First, separate self-image from the organization. There are a lot of ways to do this, and often it involves simply not working for a portion of your waking hours. Methods I can endorse include mini-golf, NHL hockey games, and (entire seasons of) How I Met Your Mother. I try, with varying degrees of success, to just STOP working for about ninety minutes in the middle of my day to make sure that my decisions are clear-headed. Many of my best ideas happen not when I am knee deep in metrics spreadsheets, but when I’m halfway through a chicken finger sub. All of that said, it’s a challenge. You will invariably get an email or five during your “no work” time and you will feel compelled to answer on your phone. (You will also, hilariously, try to do so surreptitiously, as if someone else is monitoring break time.) But remember that often, the more successfully you are able to rest, the most successfully you will be able to work.

In addition to personal preservation, avoiding Founder’s Syndrome involves serious and deliberate succession planning. Organizations necessarily have founders, and the kind of people who start organizations are often forces of nature whose statures can easily overshadow the work of hundreds of others necessary to get an organization off the ground. But the founder should not be the only entrepreneur within the organization, and no one but the founder herself can ensure that this is the case. It is often a matter of knowing when and how to get out of the way, which can be as simple as letting others talk or effusively praising the abilities of a staff member. Jeff Haden writes an extremely insightful article in Inc. Magazine in which he tells the story of his time as a high school wrestler.

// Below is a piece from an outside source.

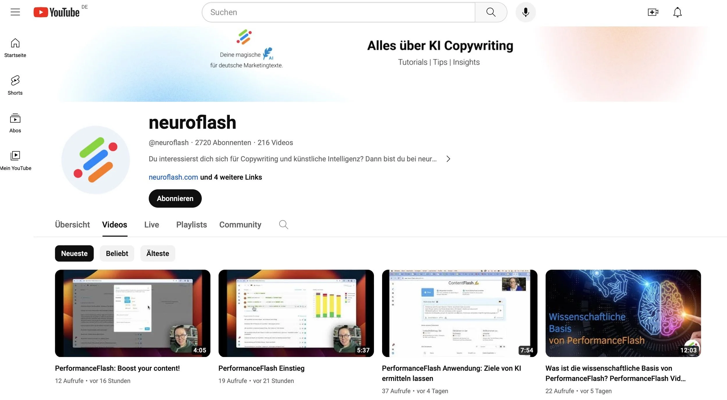 Neuroflash YouTube-Channel

“I went out for wrestling in ninth grade and was nervous, scared, intimidated–pick any fearful adjective. It fit. A week or so into practices I heard the coach talking to one of the seniors. “That kid there,” he said, referring to me, “will be a state champion by the time he’s a senior.”

He was wrong. It turned out I wasn’t. But I immediately felt more confident, more self-assured, and incredibly motivated. Those feelings lasted for a long time.

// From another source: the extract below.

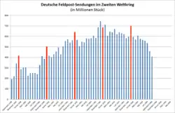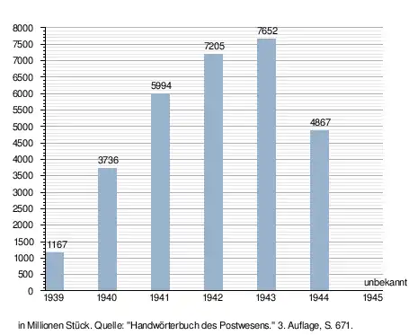 | Deutsche Feldpostsendungen im Zweiten Weltkrieg Sendungen (Nachrichtenpost und Päckchen) nach und aus dem Feld, in Millionen Stück[8]

Finally, and this should go without saying: The quality of the team matters. The CLI Team is absolutely extraordinary and that’s a much bigger reason for our success than anything I’ve done. Whether or not you can pay people, treat every volunteer posting, Board appointment, and hire like a life or death decision. For the organization, it often is.

Even for the most vigilant and selfless founder, it will be difficult to avoid Founder’s Syndrome. Nevertheless, you can mitigate its effects and set up your organization for long-term success.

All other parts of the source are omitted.